Patients were treated with a multimodality therapeutic approach. Surgical resection was complete in 17 patients (mutilating in 3), radiotherapy was administered to 8 patients, and 20 patients received chemotherapy.
After a median follow-up of 102 months (range, 19–238 months), the 5-year and event-free survival rates were 66.4% and 63.3%, respectively. Seventeen patients were alive in first remission, two were alive in second remission, and nine had died of disease. The response to chemotherapy in the 7 evaluable patients included one partial remission, one minor response, and five no responses. Radiotherapy contributed to achieving local control in four of six Intergroup Rhabdomyosarcoma Study (IRS) Group II patients. Statistically significant differences in outcome were evident according to IRS group, tumor size, and site.

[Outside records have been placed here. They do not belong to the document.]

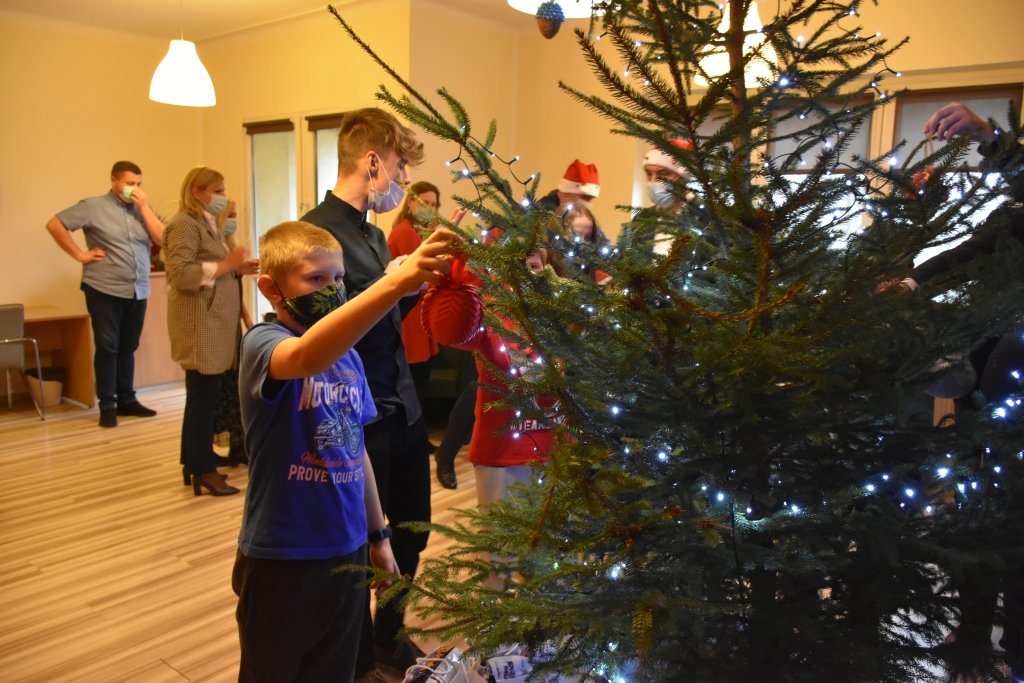 Mikołajkowy nastrój dopełniło dziś wspólne strojenie choinki przez podopiecznych wspomaganych przez Ośrodek Wspierania Dziecka i Rodziny w Będzinie. W ubieraniu drzewka dzieciom pomagali Starosta Sebastian Szaleniec, Wicestarosta Dariusz Waluszczyk i Członek Zarządu Powiatu Adam Szydłowski. Wszelkie wykorzystane ozdoby własnoręcznie wykonały dzieci z rodzin wspieranych przez OWDiR. Nie mogło zabraknąć upominków i świątecznych życzeń.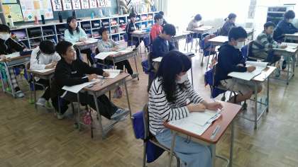 5年生の3時間目は、算数科の学習でした。帯分数の計算方法について考えていました。仮分数に直して計算すると発言していました。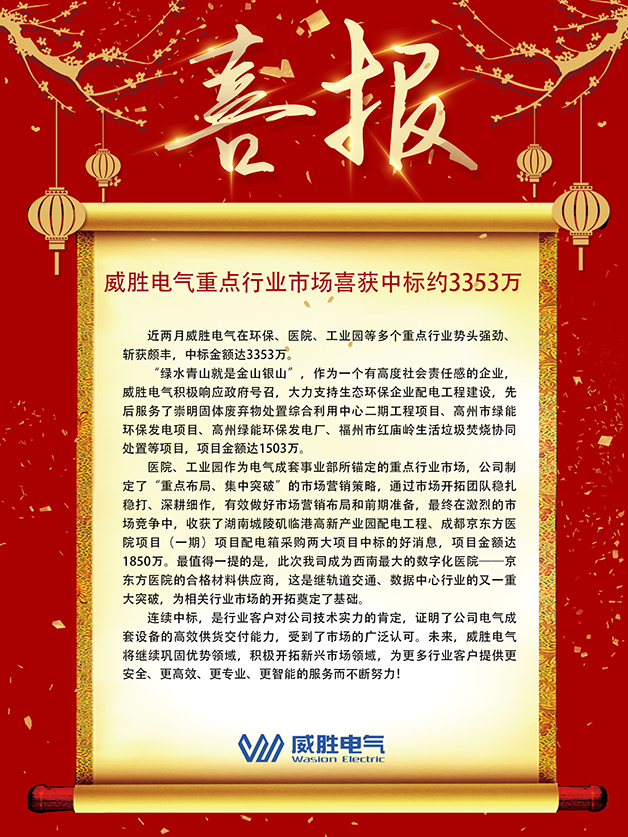 連續(xù)中標(biāo),是行業(yè)客戶對公司技術(shù)實力的肯定,證明了公司電氣成套設(shè)備的高效供貨交付能力,受到了市場的廣泛認可。未來,威勝電氣將繼續(xù)鞏固優(yōu)勢領(lǐng)域,積極開拓新興市場領(lǐng)域,為更多行業(yè)客戶提供更安全、更高效、更專業(yè)、更智能的服務(wù)而不斷努力!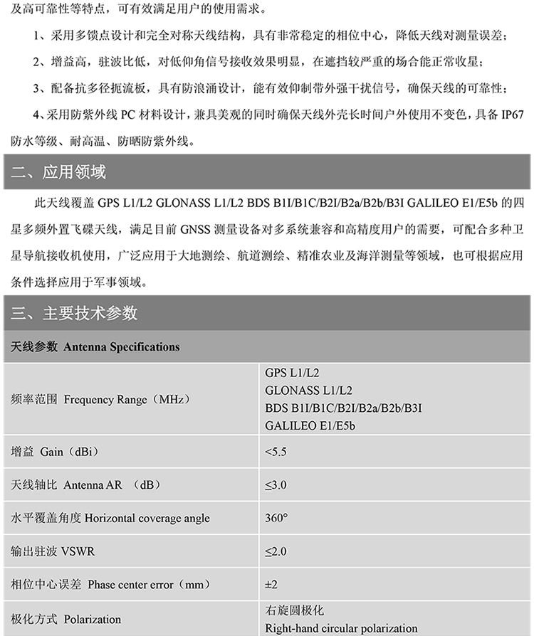 北天监测农业高精度差分RTK四星多频GNSS北斗飞碟GPS天线BT-300D

Our study confirms the aggressive behavior of CCS. Complete surgical resection represents the mainstay of treatment, and even the only treatment for patients with small tumors. Radiotherapy may control microscopic residual disease after surgery. Chemotherapy is ineffective and the prognosis is unfavorable for patients with unresectable and large tumors. Cancer 2002;94:3269–76. © 2002 American Cancer Society.